Benefits of declaring incidents

  • Collaborate with your team on resolving issues keeping comments and status changes in one overview.
  • Track and monitor ongoing incidents and who’s working on them.
  • Review past incidents.

Open incidents

Synq gives an overview of open, closed, and untriaged incidents to easily track what’s being worked on and by whom.

Declaring an incident

Incidents can be declared through Slack alerts or directly in the Synq UI. When you declare an incident, name it so it’s easy for everyone to understand (”duplication error from prod services impacting the ad-bidding ML model” is better than “issue with dbt model”).

Declaring an incident from a Slack alert

Declaring an incident from the Synq UI

When to declare an incident?

There’s no one-fit-all solution for what makes an incident. We’ve seen two approaches work well.

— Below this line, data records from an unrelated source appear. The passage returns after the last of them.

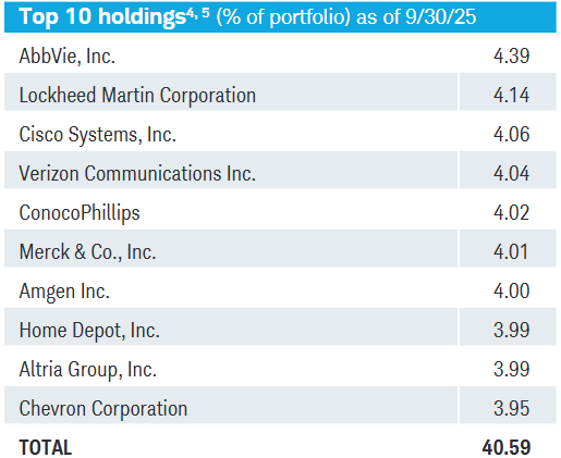 Looking at the top positions, we can see exposure to companies like AbbVie ABBV 0.00%↑, Lockheed Martin LMT 0.00%↑, Cisco CSCO 0.00%↑, Verizon VZ 0.00%↑, and Home Depot HD 0.00%↑ just to name a few.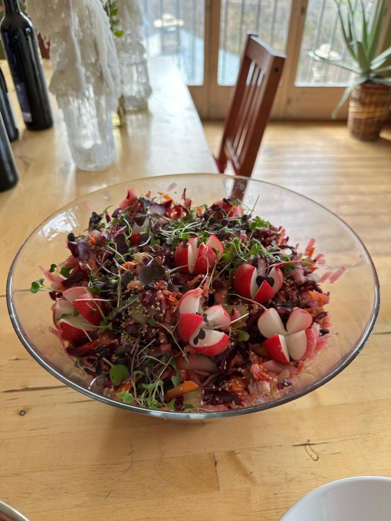 Uno de los pilares de esta vivencia fue, sin duda, la propuesta gastronómica de Silvia Sampons y su proyecto Cuina Anònima. Gracias a su cocina basada en ingredientes ecológicos, de temporada y preparados con atención plena, cada comida se convirtió en una experiencia sensorial y nutritiva, que acompañó perfectamente el tono del retiro.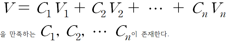 선형결합 : 벡터들을 스칼라배 해서 V를 만드는 스칼라값들이 존재한다.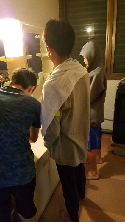 ミーティングも終え、就寝準備中です。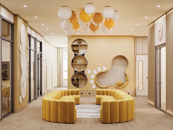 В новом доме создан уникальный детский сад на 118 мест для малышей в возрасте с 2 до 7 лет. У него будет закрытая территория. Дошкольное учреждение разместился на первом и втором этажах, его общая площадь составила 2 тысячи квадратных метров. В детсаду оборудованы мастерские для детей, музыкальный и спортивный зал, комплекс 3D физкультуры С.Реуцкого, медицинские комнаты.

  1. For teams with few issues, all issues are declared as incidents
  2. For teams with many ongoing issues, only P1 issues are declared as incidents (read more about how to assess the cost of incidents here)

Prioritising an incident

Not all issues are equal. Some require that you drop everything and fix it, while others can wait until the end of the week. Use the impact assessment to get an overview, including affected products, downstream products, downstream owners, and affected & downstream assets. Clicking any group will show you the specific assets that are impacted.

You can also use the in-built lineage to narrow down impacted assets. For example, use the column-level lineage filter to narrow down the range of impacted assets.

Collaborating on issues

To indicate you’re working on an issue within an incident, change the status to Investigating. This lets everyone else see you’re on it. The activity overview shows how the status of the incident has changed over its lifetime. This is particularly helpful when an incident spans multiple issues, as not everyone may work on the same things.

Use the comment section to make updates as you progress on investigating the incident.

If you use Slack, you can add a comment about the internal incident channel (e.g., #inc-user-stats-12-03-2024). This makes it easier to keep communication in one place and helps other people get up to speed if they return to the incident without having all the context.

Closing or canceling an incident

Incidents self-resolve if the issue on the underlying asset is solved. This is visible in the Synq UI, with the following banner on the incident. You still have to close the incident to move it to closed incidents.

You can close or cancel an incident using the Close incident button in the top right corner or Cancel incident behind the three dots. You should close the incident once it’s been resolved, and you want to keep track of it and use cancel in situations where the issue didn’t justify an incident.

Reviewing past incidents

The Past Incidents screen lets you see all past incidents and filter by a date range. This is helpful if you want an overview of the number of incidents you declared in a time frame or if you’re looking back to investigate what happened at a specific time.

Bringing incidents across Synq

We’re continuously integrating incidents in core Synq workflows. One example is showing ongoing incidents for data products so everyone can immediately see that their data may be impacted.